The Daily Record, The 405, and The Banter have interviews with frontman Scott Hutchison about the new EP and the next album.

Stream: Frightened Rabbit / State Hospital

Lots of angles from which to get your daily Neil Halstead fix: a new MP3 from Palindrome Hunches is available to download courtesy of IFC, a new video has premiered at Nowness, and an EP to go with the Fall tour that brings him to the Dakota Tavern on October 8 is available for free – or you can leave a tip if you like – at Noisetrade, and includes songs from all points of his career. Including Mojave 3. And Slowdive. Yeah.

MP3: Neil Halstead – “Tied To You”
Video: Neil Halstead – “Hey Daydreamer”

Billboard has a conversation and The Alternate Side a session with Alt-J, making their Toronto debut at Wrongbar tomorrow night.

Bat For Lashes has made another track from The Haunted Man available to download; it’s out October 23.

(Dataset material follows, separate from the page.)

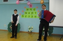 7 нче март көнне мәктәбебездә егетләрдән генә торган концерт уздырылды. Алар барлык хатын-кыз укытучыларны, укучы кызларны котлап һәр класстан чыгышлар ясадылар, Концерт ахырында Нотфуллин Салават искиткеч матур итеп гармунда үзе уйнап җырлавы барыбызны таң калдырды. Кабат-кабат сәхнәгә чакырып, рәхмәтләребезне җиткердек. Безнең Салават киләчәчәктә дә шул сәләтен югалтмыйча, зур сәхнәләргә күтәрелсен иде, Уңышлар телик аңа! 07.03.2014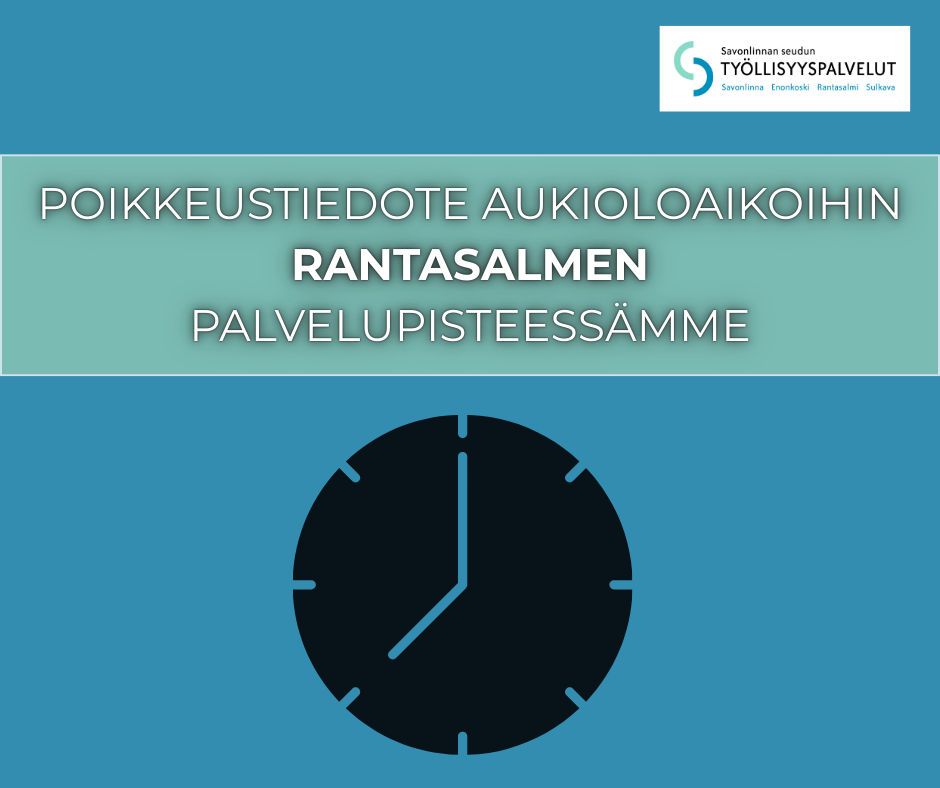 Keskiviikkona 6.8.2025 Rantasalmen palvelupisteemme sekä kunnanvirasto on poikkeuksellisesti auki klo 9.00-11.00 henkilöstön koulutuspäivän vuoksi.

MP3: Bat For Lashes – “Marilyn”

Beatroute and The Boston Phoenix talk to Bloc Party.

The Toronto Star has a feature on The xx, who’ve made another track from Coexist and a new track not on the album available to download.

MP3: The xx – “Sunset”
MP3: The xx – “Reconsider”

Billboard profiles The Vaccines.

Under The Radar reports that Ladytron frontwoman Helen Marnie has begun work on a solo record and is hoping to crowdfund it via Pledge Music. And by selling her car.

The AV Club reports that Manic Street Preachers will celebrate the 20th anniversary of their debut album Generation Terrorists with a slew of special edition reissues coming on November 5. This is the album, if you’re recall, that was supposed to outsell Appetite For Destruction, propel the band to global superstar status, culminate in a three-night stand at Wembley Stadium, and then allow the band to burn out and disappear. Fancy-pants twentieth anniversary editions weren’t in the manifesto, but what really turns out the way we expect?

The Guardian profiles the career of Amelia Fletcher, now fronting Tender Trap.

For Folks Sake chats with Stevie Jackson

The AV Club offers a starter’s guide to the musical genre referred to as “shoegazing”. Perhaps you’ve heard of it.